Le De Grasse constitue le quatrième exemplaire livré dans le cadre du programme Barracuda, lancé par la DGA pour renouveler intégralement la flotte des sous-marins nucléaires d’attaque français. Ses trois prédécesseurs — le Suffren, le Duguay-Trouin et le Tourville — ont respectivement été admis au service actif en juin 2022, avril 2024 et juillet 2025. Ce rythme de livraison soutenu traduit la montée en puissance industrielle d’une filière stratégique mobilisant plusieurs acteurs de premier plan de la base industrielle et technologique de défense française.

La prochaine étape pour le De Grasse consiste en une phase d’essais opérationnels, destinée à évaluer les performances militaires du bâtiment dans des conditions proches de celles rencontrées sur les théâtres d’opérations réels. Cette phase conditionnera son admission au service actif, également attendue en 2026. C’est à l’issue de ce processus que le sous-marin rejoindra pleinement l’ordre de bataille de la Marine nationale.

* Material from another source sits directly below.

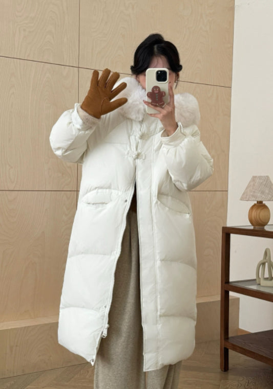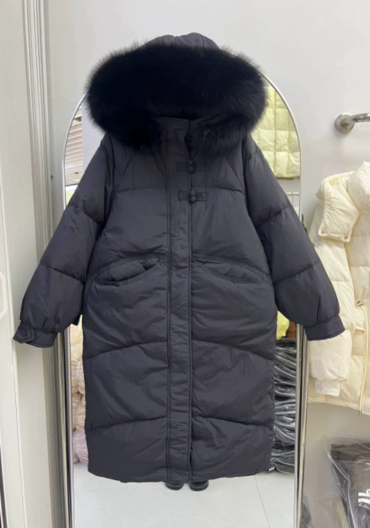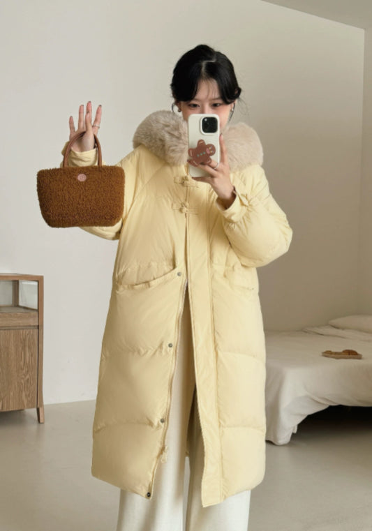 厚實保暖嘅中長款羽絨外套,冬天着住超有安全感。

Un bond capacitaire au service de la souveraineté navale française

Le programme Barracuda représente bien davantage qu’un simple renouvellement de flotte. Il matérialise un saut technologique générationnel par rapport aux sous-marins de classe Rubis, mis en service à partir des années 1980 et dont le retrait progressif est engagé. Les nouvelles unités bénéficient d’une propulsion nucléaire offrant un rayon d’action étendu et une discrétion acoustique renforcée, deux attributs déterminants dans la conduite des missions de renseignement, de surveillance et de combat sous-marin.

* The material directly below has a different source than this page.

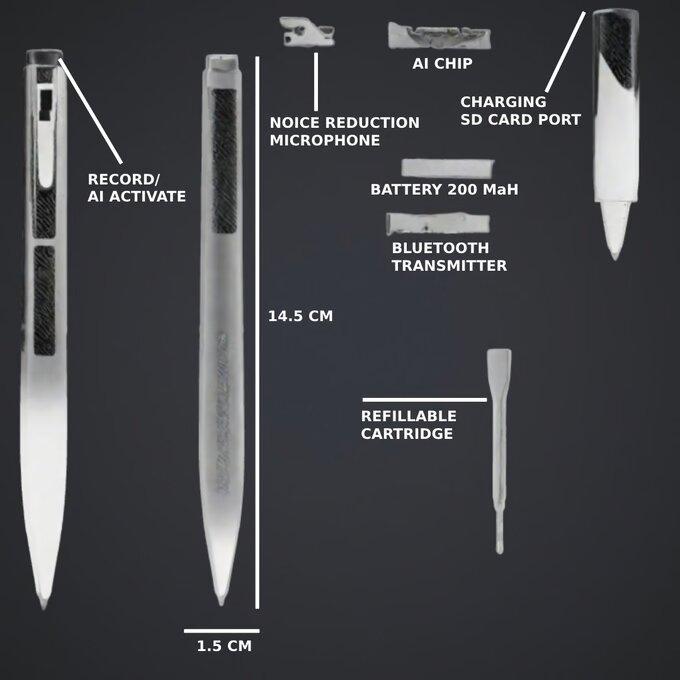 À première vue, l’engin ressemble à un stylo à bille on ne peut plus traditionnel. C’en est un, mais affublé d’une batterie (200 mAh), d’un modem Bluetooth (5.2), d’un microphone et d’une puce IA (la fameuse) ; éventuellement d’une carte microSD (pour l’enregistrement en mode hors ligne).

Au-delà de ces caractéristiques traditionnelles, les SNA Barracuda se distinguent par deux capacités inédites pour cette classe de bâtiments. Ils sont en mesure de mettre en œuvre des forces spéciales, élargissant ainsi leur spectre d’emploi aux opérations clandestines. Ils peuvent également frapper des objectifs terrestres situés à plusieurs centaines de kilomètres grâce aux missiles de croisière navals (MdCN), une capacité de frappe dans la profondeur qui confère à la France un outil supplémentaire de projection de puissance autonome.

Ces évolutions capacitaires placent les SNA Barracuda dans la catégorie des sous-marins nucléaires d’attaque les plus modernes et performants actuellement en service dans le monde. À ce titre, leur déploiement progressif positionne la France aux côtés d’un cercle très restreint de nations — comprenant notamment les États-Unis, le Royaume-Uni, la Russie et la Chine — disposant d’une flotte de SNA de dernière génération pleinement opérationnelle.

Un programme structurant pour l’industrie de défense française

Sur le plan industriel, le programme Barracuda représente l’un des contrats les plus significatifs portés par la DGA dans le domaine naval. Six sous-marins ont été commandés au total, avec un objectif de renouvellement complet de la composante SNA d’ici 2030. Le calendrier de livraison progressif engage Naval Group sur plusieurs années encore, garantissant une charge industrielle pérenne sur le site de Cherbourg, principal site d’assemblage des sous-marins français.

La filière mobilisée autour de ce programme illustre la profondeur de la base industrielle nationale dans le domaine nucléaire et naval. La contribution de Technicatome — spécialiste de la propulsion nucléaire navale — et celle de la Direction des applications militaires du CEA soulignent l’imbrication étroite entre la recherche publique et l’industrie de défense dans la maîtrise des technologies les plus sensibles. Cette architecture industrielle verticalement intégrée constitue l’un des atouts différenciants de la France dans la compétition technologique mondiale autour des capacités sous-marines.

Dans un contexte européen marqué par une remontée en puissance des budgets de défense et une réflexion accrue sur l’autonomie stratégique du continent, la livraison du De Grasse s’inscrit comme un signal fort. La France demeure, au sein de l’Union européenne, la seule puissance disposant d’une force sous-marine nucléaire complète et souveraine, ce qui confère à ses choix capacitaires une résonance dépassant largement ses seules frontières. Les cinq prochaines années, qui verront la livraison des deux dernières unités Barracuda, seront déterminantes pour la consolidation définitive de cet avantage stratégique.